An international team led by Dutch astronomers has made a tantalizing discovery about the way pulsars emit radiation. The emission of X-rays and radio waves by these pulsating neutron stars is able to change dramatically in seconds, simultaneously, in a way that cannot be explained with current theory. The research results appeared in the journal Science on 25 January.
Pulsars are small spinning stars that are only about a dozen miles in diameter—the size of a small city—but which weigh as much as our Sun. These super-dense objects have a strong magnetic field that is approximately one million times stronger than the fields scientists can make in laboratories on Earth. The pulsar emits a beam of radiation. As the star spins—typically several times per second—the radio beam sweeps repeatedly over Earth, and we detect short pulses of radiation, a bit like a lighthouse. Some pulsars emit radiation across the entire electromagnetic spectrum, including both X-ray and radio wavelengths.
It has been known for some time that some radio pulsars flip their behavior between two (or even more) states, changing the pattern and intensity of their radio pulses. The moment of flip is both unpredictable and sudden (often within a single rotation period).

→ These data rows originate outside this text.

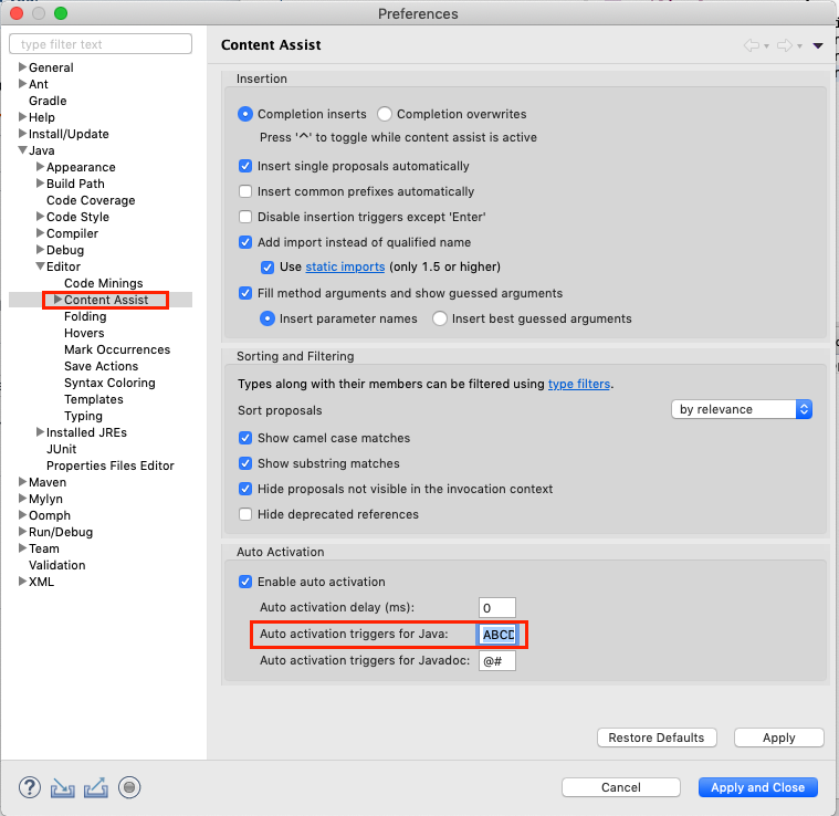'Auto activation triggers for Java' 의 값을 'ABCDEFGHIJKLMNOPQRSTUVWXYZabcdefghijklmnopqrstuvwxyz.'로 변경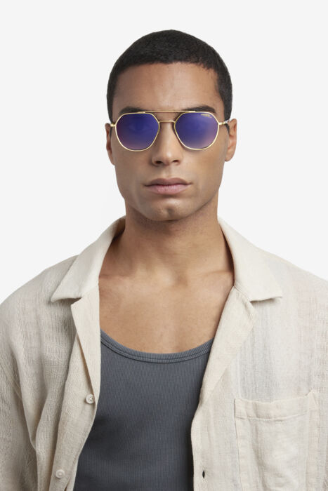 Traditional, sure, but also loaded with the recognisable appeal of Carrera: these stainless-steel sunglasses have a slightly octagonal shape with rounded edges and a double bridge. Comfortable nose pads and acetate covering the iconic fin temples, available even in a multi-layer version, make them perfect for use from morning to evening.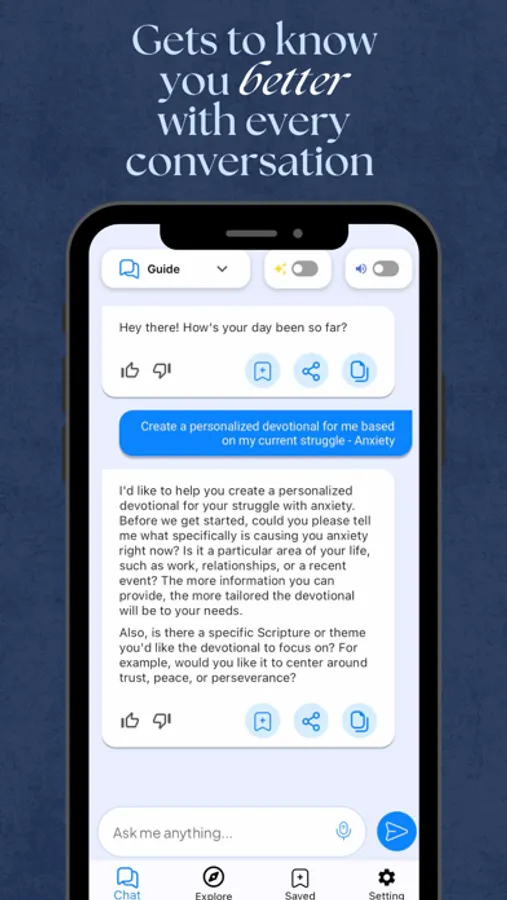 Fuel Your Spiritual Growth: Cultivate profound spiritual growth with personalized tools, resources, and faith-enriching chats. Bible Chat offers customized Scripture memory exercises, inspiring daily devotionals, and a welcoming Christian community designed to nurture your spiritual development.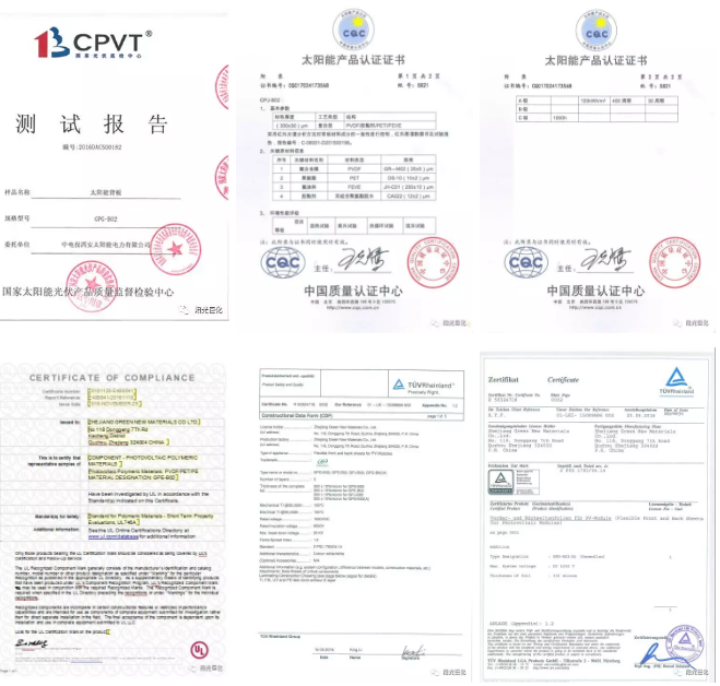 歌瑞公司自2010年成立以來,始終致力于以技術創新推動行業發展,是國內首家真正實現背板材料完全國產化的企業。2017年,采用歌瑞公司GPG背板制作的組件,在無錫國家光伏測試中心完成了DH3000小時和UV90+TC200+HF20的序列老化超級耐候測試,組件衰減功率僅為0.9%和2.55%,并達到了UL1703的防火等級測試ClassA級,實現了耐候性能與安全性能的完美結合。公司主打產品——氟合金膜與太陽能背板產品,已獲得多家國內外權威第三方認證證書,取得了進入國內國際高端市場的通行證。其中GR系列氟合金膜獲得美國UL黃卡證書、GP系列背板獲得德國TUV萊茵的認證證書和中國質量認證中心CQC證書。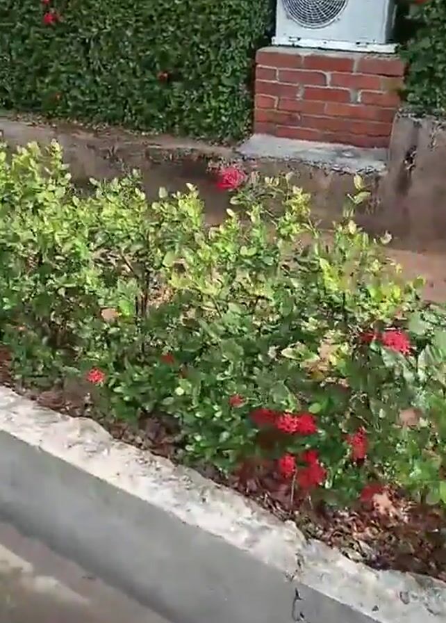 The camera slowly pans along a concrete planter bed filled with small, green bushes dotted with bright red flowers. Behind the planter, a tall, thick green hedge extends upward. To the left, an air conditioning unit sits atop a small brick base, nestled against the hedge. The ground is visible beneath the hedge and is partially covered with mulch.
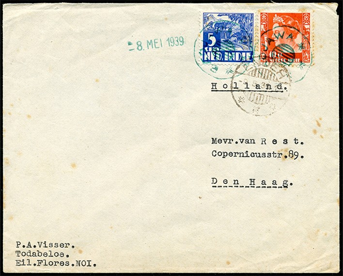 Env. gefr. met 5c en 10c (iets roest) beide in groen afgest. met bestelhuisstempel BADJAWA met datumstempel -8. MEI 1939 via Endeh 9-5-1939 naar Den Haag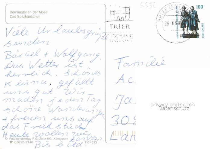 72901017 alte Postkarte Bernkastel-Kues Das Spitzhaeuschen postalisch gelaufen Erhaltung siehe scans [WerneD78] KatCode: 11110007231008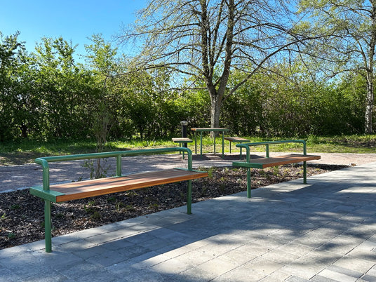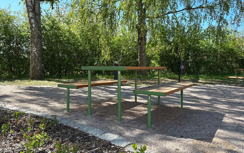Den gröna möblerna i skugga under träden pulverlackerades i RAL 6011 Reseda green, liksom singel pergolorna och möblerna där under.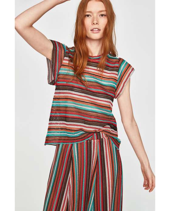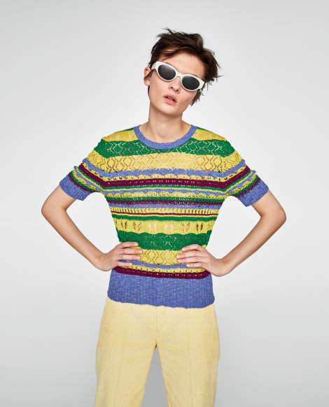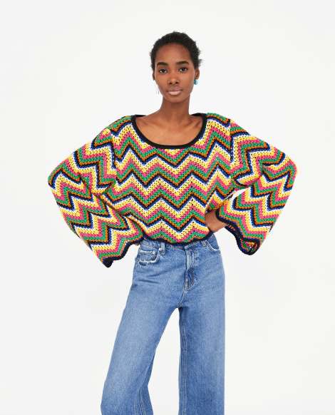 Adjunto una selección de looks compuestos por prendas de punto y similares (crochet, jacquard), que además vienen cargados, en la mayoría de los casos, por colores vivos y un estilo retro que nos conecta con décadas pasadas.                                                                                        Imágenes de Zara.es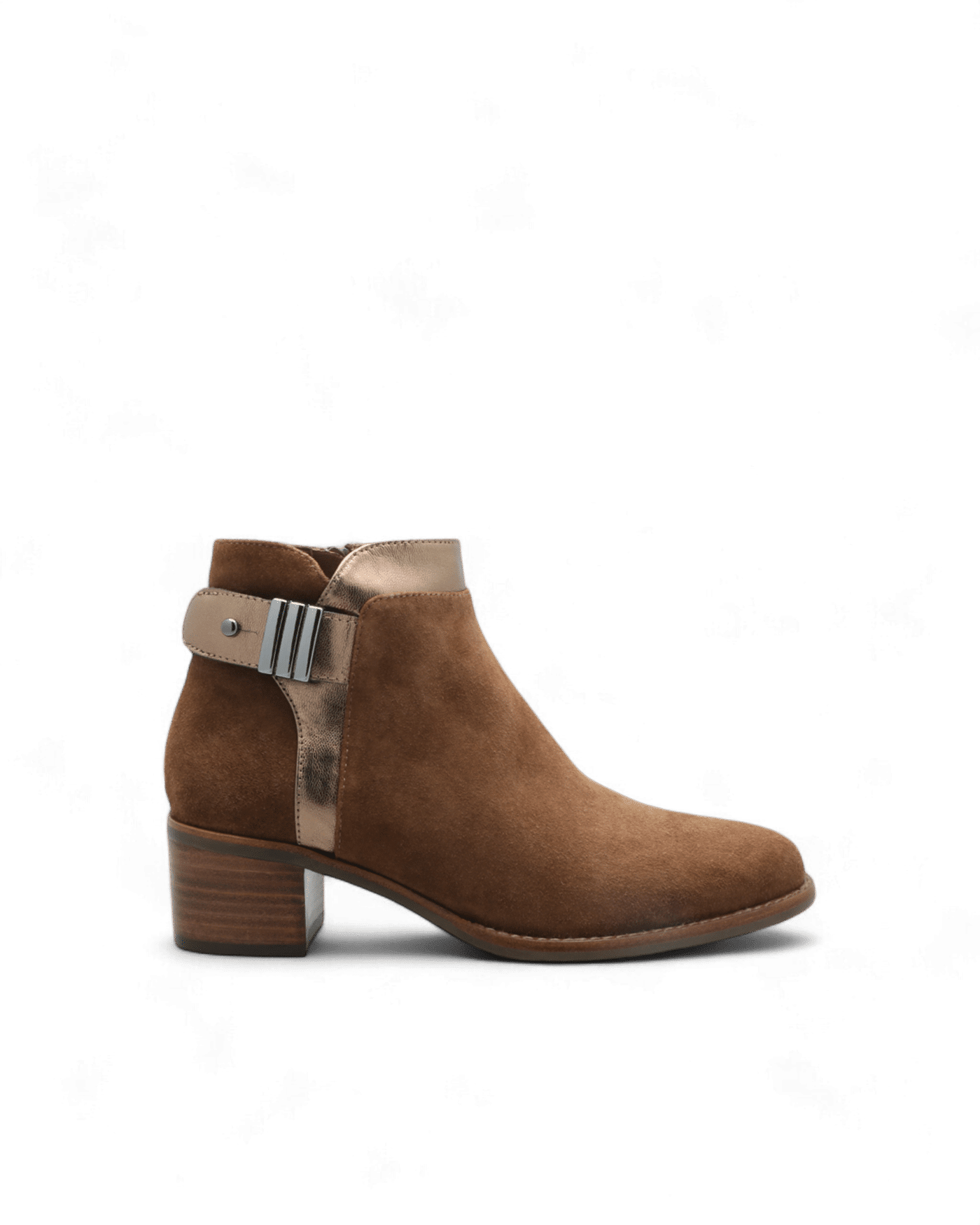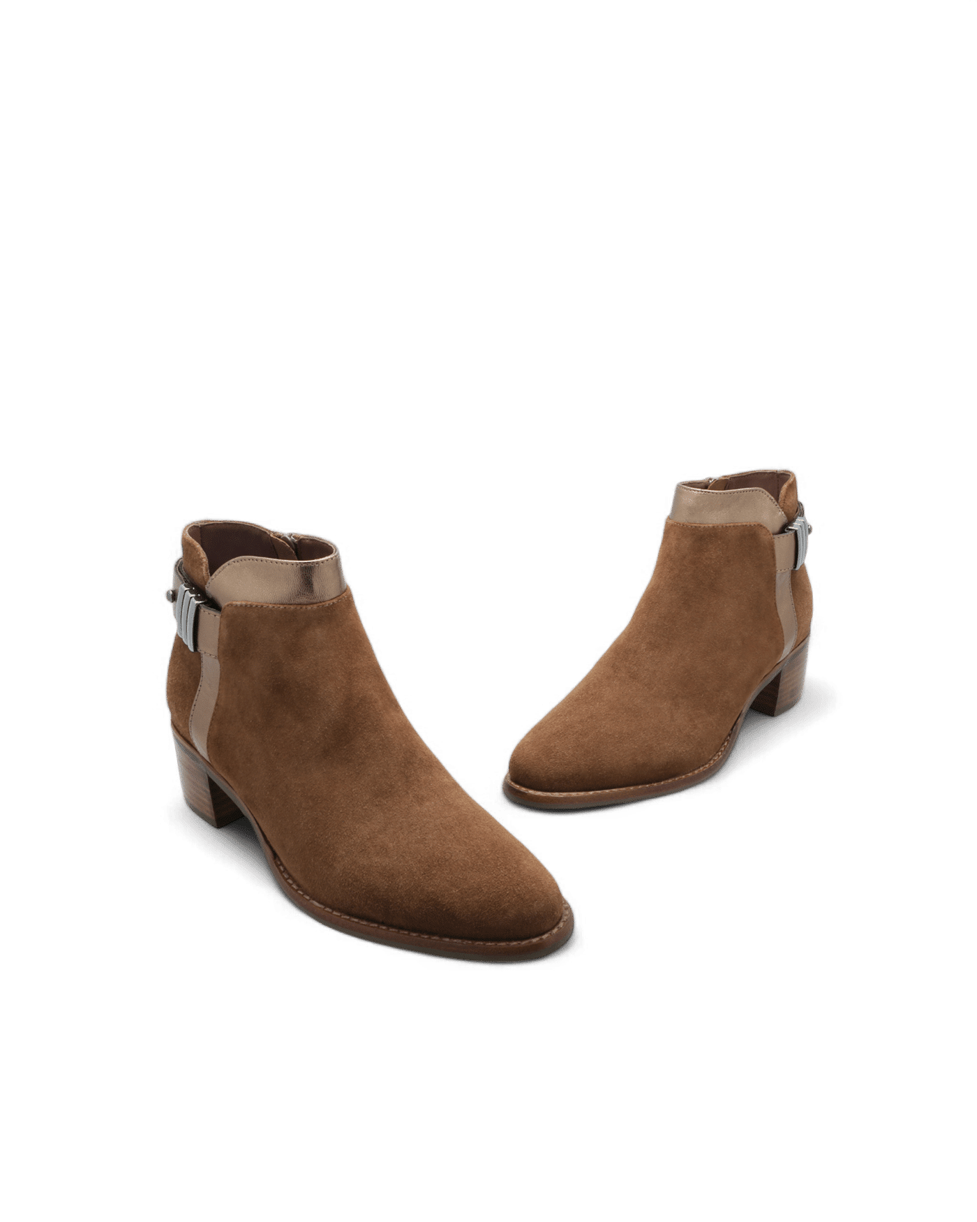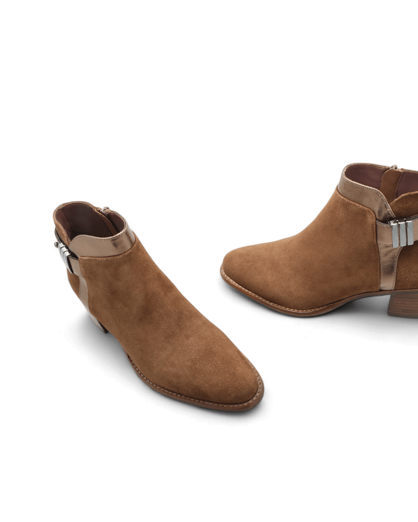 Adoptez la bottine en daim marron femme Derry qui est l’incarnation parfaite du style, du féminin et du confort. Confectionnées avec un cuir daim marron de haute qualité, ces bottines arborent des détails dorés subtils qui ajoutent une touche d’éclat à votre démarche. Un fin liseré de couleur or entoure la tige de la chaussure et une boucle dorée habille le côté extérieur de la chaussure pour apporter une touche féminine à tous vos looks.

The scientists studied a particular pulsar called PSR B0943+10, one of the first pulsars discovered. The pulses from PSR B0943+10 change in form and brightness every few hours, and these changes happen within about a second. It is as if the pulsar has two distinct personalities. As PSR B0943+10 is one of the few pulsars also known to emit X-ray radiation, knowing how this pulsar behaved in X-rays during the ‘radio changes’ could provide new insight into the nature of the emission process.
Since the source is a weak X-ray emitter, the team used the most sensitive X-ray telescope in operation, the ESA-funded XMM-Newton. The observations took place over six separate sessions of about six hours in duration. To identify the exact flips in the pulsar’s radio behavior the X-ray observations were tracked simultaneously with two of the most powerful radio telescopes in the world, GMRT and LOFAR.
The results were surprising. The X-rays did indeed change their behavior synchronously with the radio emission, as might have been expected. But in the state where the radio signal is strong and the pulses are clear, the X-rays were weak. And when the radio emission switched to weak the X-rays intensified.
This unexpected chameleon-like behavior of the radio pulsar PSR B0943+10 bolsters fundamental research into the physical processes which occur in the extreme conditions which occur in the magnetosphere of pulsars, 45 years after their discovery.
The discovery of the first pulsar makes for an interesting story. In 1967 Jocelyn Bell, a graduate student at Cambridge University, was analyzing data from the university’s radio telescope and came across radio signals that were faster (many pulses per second) and more regular than anything ever before observed. At first there was speculation that these might be signals from extraterrestrials (“Little Green Men”), but as she and her associates studied earlier theoretical papers they determined that these signals must come from rapidly spinning, super-dense collapsed stars—which had been theorized but never observed.
In 1974, Antony Hewish, Bell’s thesis advisor, was awarded the Nobel Prize in Physics “for his decisive role in the discovery of pulsars” without Jocelyn Bell being named as a co-recipient—even though Bell had been the first to observe the pulsar.